Published in final edited form as: Proc IEEE Int Symp Biomed Imaging. 2013:1400–1403. doi: 10.1109/ISBI.2013.6556795

MULTIVARIATE MODELING OF LONGITUDINAL MRI IN EARLY BRAIN DEVELOPMENT WITH CONFIDENCE MEASURES

Neda Sadeghi 1, Marcel Prastawa 1, P Thomas Fletcher 1, Clement Vachet 1, Bo Wang 1, John Gilmore 2, Guido Gerig 1
PMCID: PMC3744330  NIHMSID: NIHMS465097  PMID: 23959506

Abstract

The human brain undergoes rapid organization and structuring early in life. Longitudinal imaging enables the study of these changes over a developmental period within individuals through estimation of population growth trajectory and its variability. In this paper, we focus on maturation of white and gray matter depicted in structural and diffusion MRI of healthy subjects with repeated scans. We provide a framework for joint analysis of both structural MRI and DTI (Diffusion Tensor Imaging) using multivariate nonlinear mixed effect modeling of temporal changes. Our framework constructs normative growth models for all the modalities, taking into account the correlation among the modalities and individuals, along with estimation of the variability of the population trends. We apply our method to study early brain development, and to our knowledge this is the first multimodel longitudinal modeling of diffusion and signal intensity changes for this growth stage. Results show the potential of our framework to study growth trajectories, as well as neurodevelopmental disorders through comparison against the constructed normative models of multimodal 4D MRI.

1. INTRODUCTION

The human brain undergoes significant changes during infancy and early development. Advances in medical imaging have allowed us to track these changes in vivo longitudinally which more accurately captures development as compared to cross-sectional analysis. Growth modeling of longitudinal data yields a more accurate average trajectory as the population model is built from individual temporal trajectories. This results in significantly improved model of growth and growth variability, especially when inter-subject variability is greater than the temporal change [1].

Previous neuroimaging studies have substantially increased our understanding of early brain development. Prior studies of DTI and MRI have shown changes in early brain development, including changes of diffusion parameters over time [2, 3] and contrast changes as is depicted in T1W and T2W [4]. There are relatively few studies that have looked at both DTI and MRI [5]. However, most of these studies have been cross-sectional and only consider one modality. In this paper, we focus on multivariate longitudinal modeling where growth model is jointly estimated based on all the modalities.
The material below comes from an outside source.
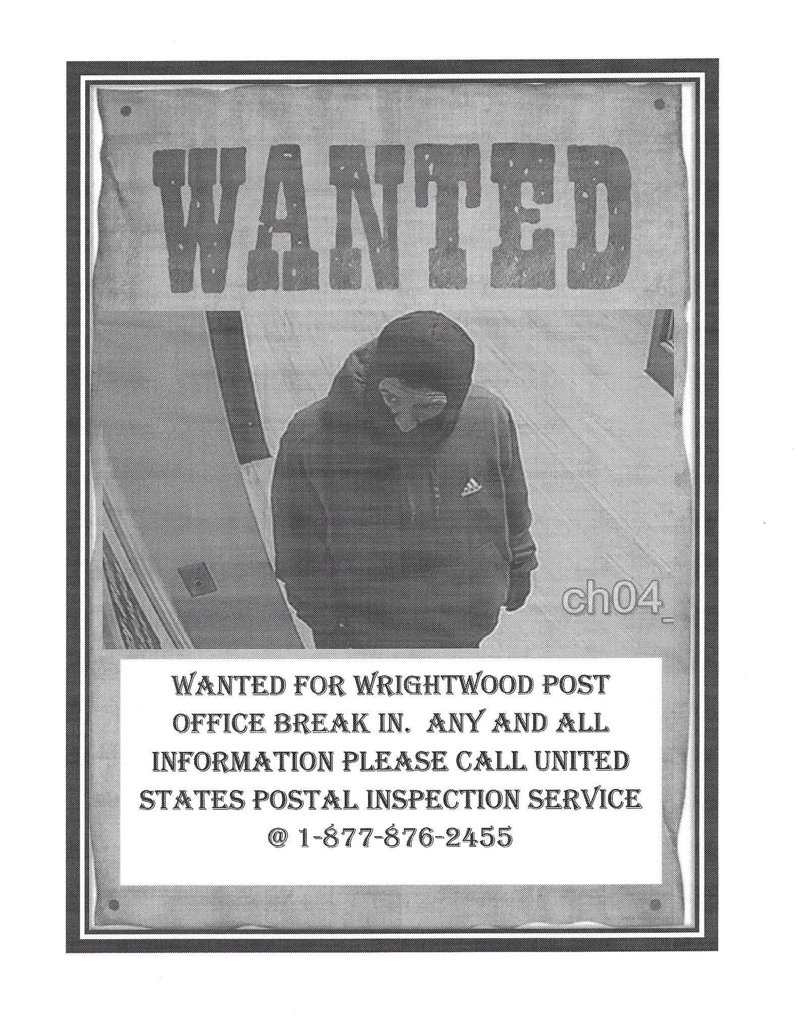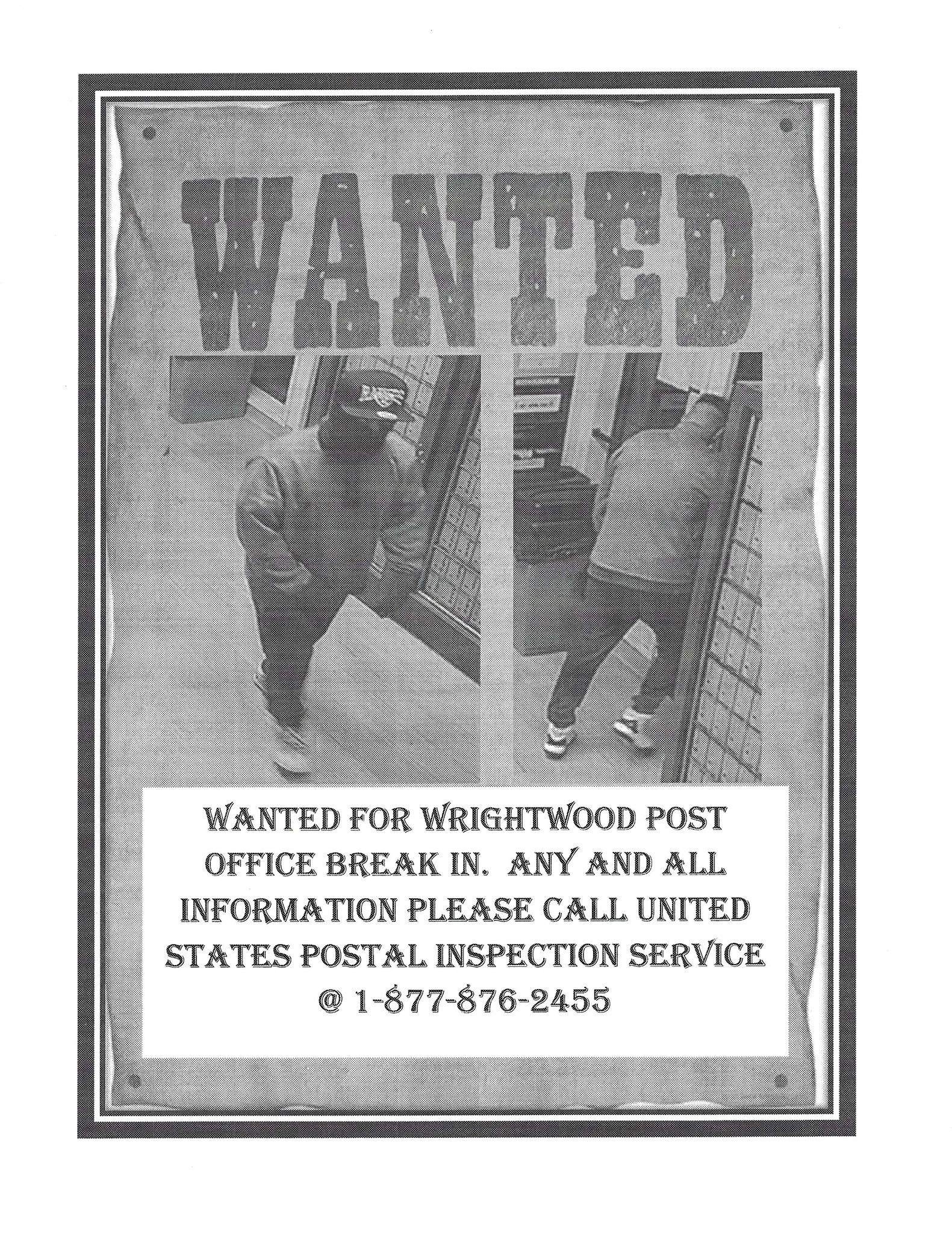 Wrightwood Post Office Break-In March 2024 - Please share these far and wide. The PO has flyers you can take as well. Note that you can see a lot of the man's face in the first image. In the second image, one of the men took off their mask/hat and you can see his partially shaved head/hairline. The Post Office is working on getting additional security measures in place. Yes, mail was stolen but it's not clear exactly what. Some packages and some mail from boxes in the back were taken. They appeared to have been scared off, potentially by headlights, and left quickly out the back, so if you came to the post office that night please let the staff know if you saw anything.

We present a new method to generate models of temporal changes in multimodal MRI taken at non-uniformly sampled discrete time points. Our proposed method estimates non-linear models of growth trajectories for individual subjects, the population, and confidence intervals around the average trajectory. This is accomplished using non-linear mixed effects modeling (NLME) where multimodal changes are described using Gompertz functions. The Gompertz growth function provides a representation of asymptotic growth using intuitive parameters such as delay, rate of change, and expected asymptotic value. We have demonstrated the utility of such modeling in our recent paper that presents a method for unimodal analysis [6], where we compare growth in white matter regions. In this paper, we demonstrate and apply our new method to longitudinal multimodal MRI data containing both structural (T1W and T2W) and diffusion imaging modalities. We construct and analyze normative models in anatomical regions of interest located in white matter and gray matter. Results indicate that quantitative modeling of early brain development through MRI generates normative models with confidence intervals that have potential for detecting abnormal growth due to disease.

2. METHOD

2.1. Non-linear Mixed Effects Modeling

We use a non-linear mixed effects (NLME) model to analyze the longitudinal T1W, T2W and DTI data. The mixed effect model is robust to outliers as it accounts for the variability within individuals. In the mixed effects model, the observed data is assumed to be a combination of both fixed effects, parameters associated with the entire population (or at least within a sub-population), and random effects that are specific to an individual drawn at random. In non-linear mixed effects models, some or all of the fixed and random effects parameters present nonlinear responses. This makes nonlinear mixed effects model a natural and common choice for longitudinal data. We use the NLME model proposed by Lindstrom and Bates [7], where the jth observation of MRI/DTI on the ith individual is modeled as:

yij=f(ϕi,tij)+eiji=1,,M;j=1,,ni (1)

where M is the number of individuals, ni is the number of observations on the ith individual, f is a nonlinear function of the covariate vector tij and parameter vector ϕi, and eij ~ 𝒩(0, σ2) is an independent identically distributed error term. The parameter vector can vary among individuals which is incorporated into the model by writing ϕi as

ϕi=Aiβ+Bibibi~𝒩(0,Ψ) (2)

β is a p-vector of fixed effects, and bi is a q-vector of random effects associated with individual i with variance-covariance Ψ. Ai and Bi are design matrices.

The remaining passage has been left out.